Creation Document Definitions by Training

Language:
EN
Product-Line:
FlexiCapture Engine
Platform:
Windows
Type:
Knowledge Base & Support
KB-Type:
Code Samples Collection
KB-Topic:
General
Category:
Recognition
Image:
image: icon_autolearningtechnologydemo.gif

This sample allows you to create simple Document Definitions for one page documents - without using FlexiLayout Studio. The Document Definitions are created using a training set of images, once finished the definitions be used for data extraction with ABBYY FlexiCapture or ABBYY FlexiCapture Engine.
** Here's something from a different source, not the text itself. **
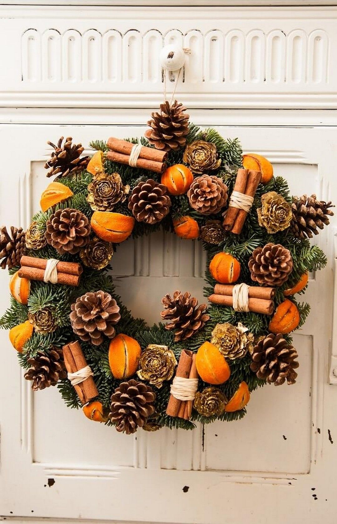 Экологичный и ароматный, такой венок можно использовать как украшение не только в рождественские праздники, но и круглый год.

Note: this technology is also available in FlexiLayout Studio, but the new API allows that users of the application can also train new documents. The generated templates can then be used within your application.

Description

While creating Document Definitions, the sample works with a set of training images. You mark the data fields, which values you want to extract, and several reference elements, which allow FlexiCapture Engine to locate the position of data fields. Thus is done on several pages. On the base of this information FlexiCapture Engine generates Document Definitions, which then can be used for data extraction.

If the set of training images contains several types of documents, for which several Document Definitions should be created, FlexiCapture Engine uses a special classifier, which helps to select the correct Document Definition for a page. This classifier is trained together with Document Definitions and can be saved and then used to speed up selection of Document Definitions during processing.

Note that this sample is intended for creating simple Document Definitions. If you need a comprehensive Document Definitions with a large number of fields and reference elements, we recommend that you use the tools of ABBYY FlexiCapture.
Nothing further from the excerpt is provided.